Here, we load the dataset and clean up column names for easier reference. Then, we review the data structure and conduct an initial exploration of its properties. The data was gotten from kaggle data repository. The dataset contains agricultural data for 1,000,000 samples aimed at predicting crop yield (in tons per hectare) based on various factors.

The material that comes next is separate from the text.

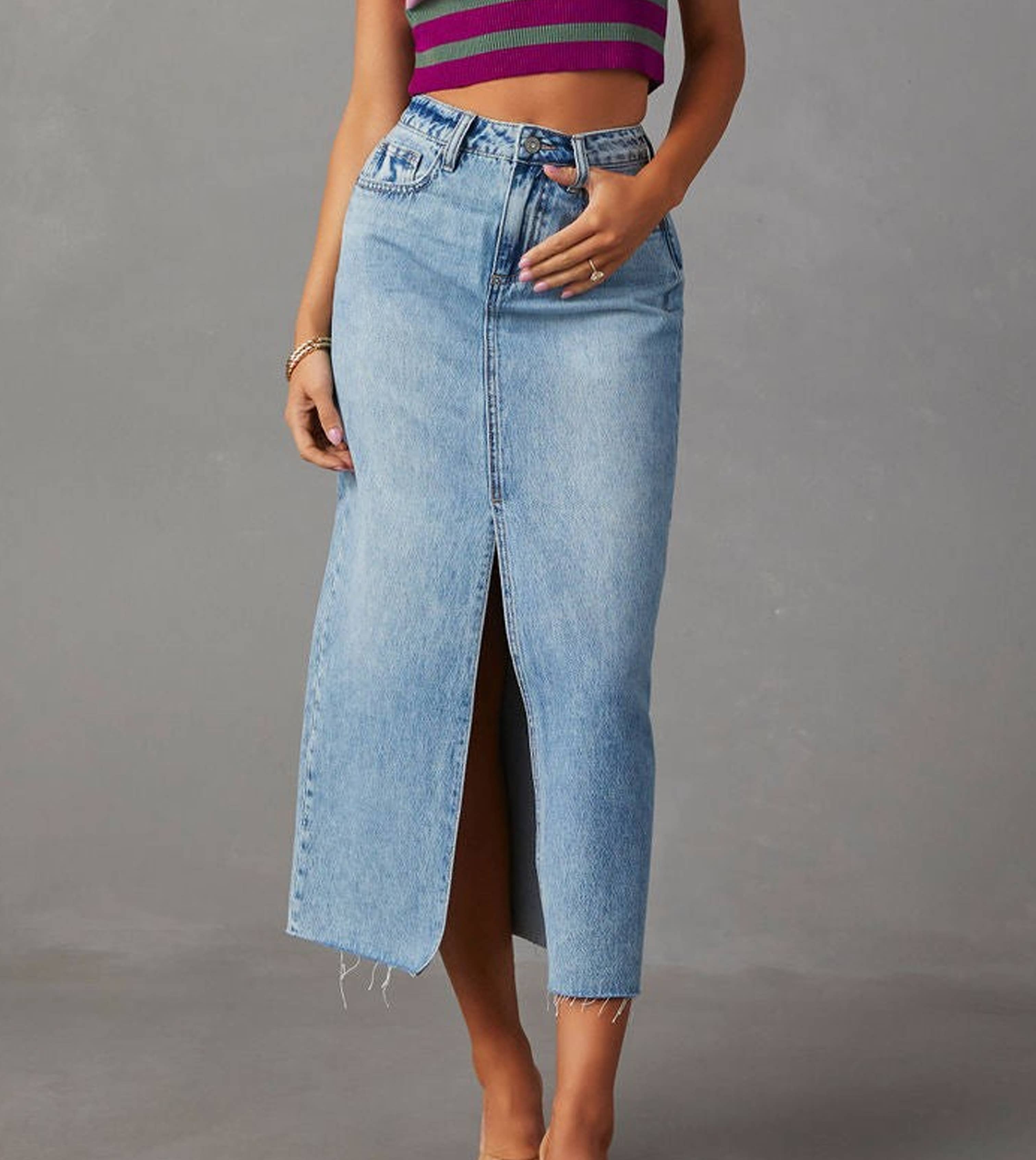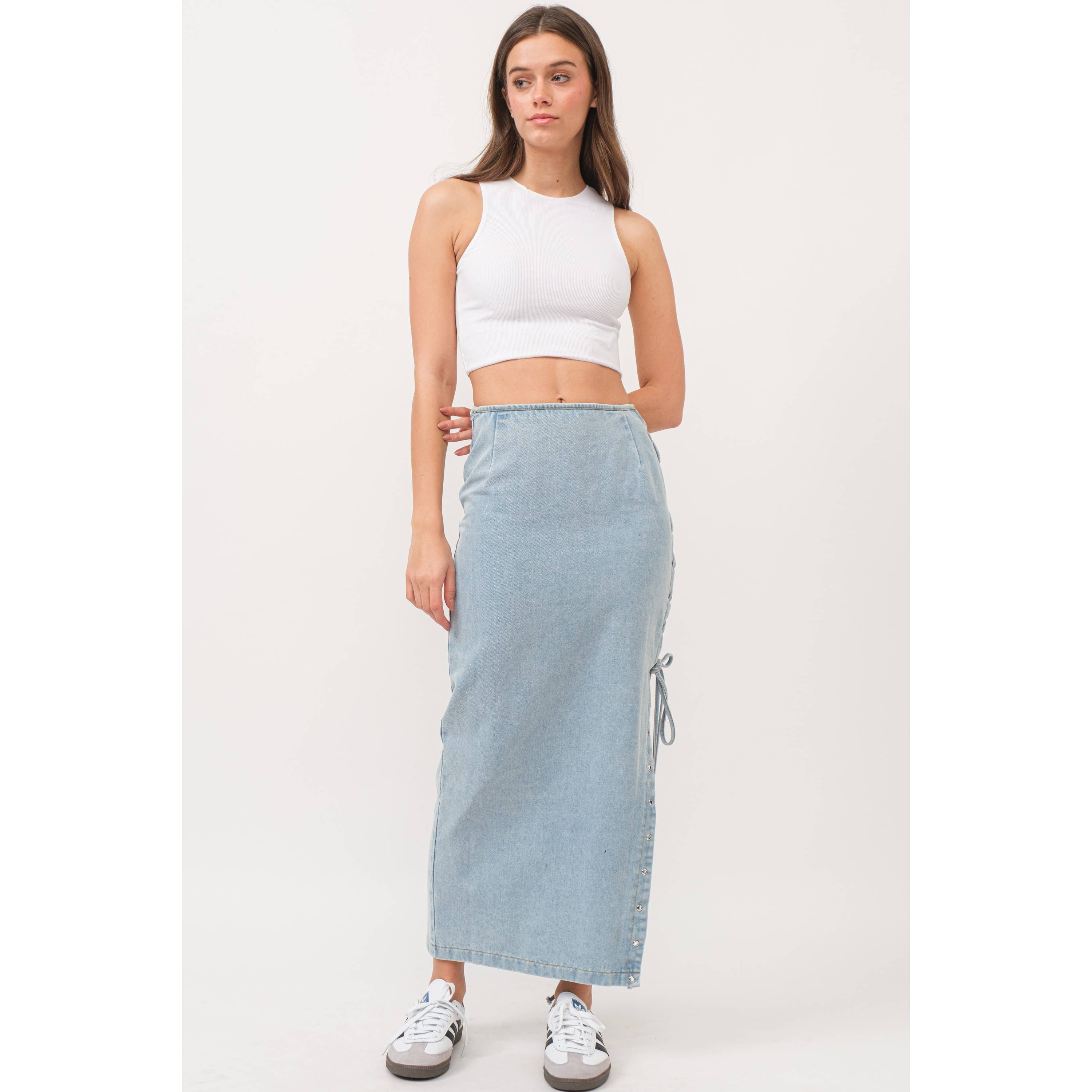 Denim Cargo Full Long Skirt

The features of the data are:

  • Region: The geographical region where the crop is grown (North, East, South, West).
  • Soil Type: The type of soil in which the crop is planted (Clay, Sandy, Loam, Silt, Peaty, Chalky).
  • Crop: The type of crop grown (Wheat, Rice, Maize, Barley, Soybean, Cotton).
  • Rainfall mm: The amount of rainfall received in millimeters during the crop growth period.
  • Temperature Celsius: The average temperature during the crop growth period, measured in degrees Celsius.
  • Fertilizer Used: Indicates whether fertilizer was applied (True = Yes, False = No).
  • Irrigation Used: Indicates whether irrigation was used during the crop growth period (True = Yes, False = No).
  • Weather Condition: The predominant weather condition during the growing season (Sunny, Rainy, Cloudy).
  • Days to Harvest: The number of days taken for the crop to be harvested after planting.
  • Yield tons per hectare: The total crop yield produced, measured in tons per hectare.
Show the code
crop_yield <- read_csv("data/crop_yield.csv") |> 
  janitor::clean_names()

To get a detailed summary of the data, we use skimr()

Show the code
skimr::skim_without_charts(crop_yield)
Table 1: Data Properties
(a)
Name crop_yield
Number of rows 1000000
Number of columns 10
_______________________
Column type frequency:
character 4
logical 2
numeric 4
________________________
Group variables None

Variable type: character

(b)
skim_variable n_missing complete_rate min max empty n_unique whitespace
region 0 1 4 5 0 4 0
soil_type 0 1 4 6 0 6 0
crop 0 1 4 7 0 6 0
weather_condition 0 1 5 6 0 3 0

Variable type: logical

(c)
skim_variable n_missing complete_rate mean count
fertilizer_used 0 1 0.5 FAL: 500060, TRU: 499940
irrigation_used 0 1 0.5 FAL: 500509, TRU: 499491

Variable type: numeric

(d)
skim_variable n_missing complete_rate mean sd p0 p25 p50 p75 p100
rainfall_mm 0 1 549.98 259.85 100.00 324.89 550.12 774.74 1000.00
temperature_celsius 0 1 27.50 7.22 15.00 21.25 27.51 33.75 40.00
days_to_harvest 0 1 104.50 25.95 60.00 82.00 104.00 127.00 149.00
yield_tons_per_hectare 0 1 4.65 1.70 -1.15 3.42 4.65 5.88 9.96

The result from Table 1 shows the data is complete.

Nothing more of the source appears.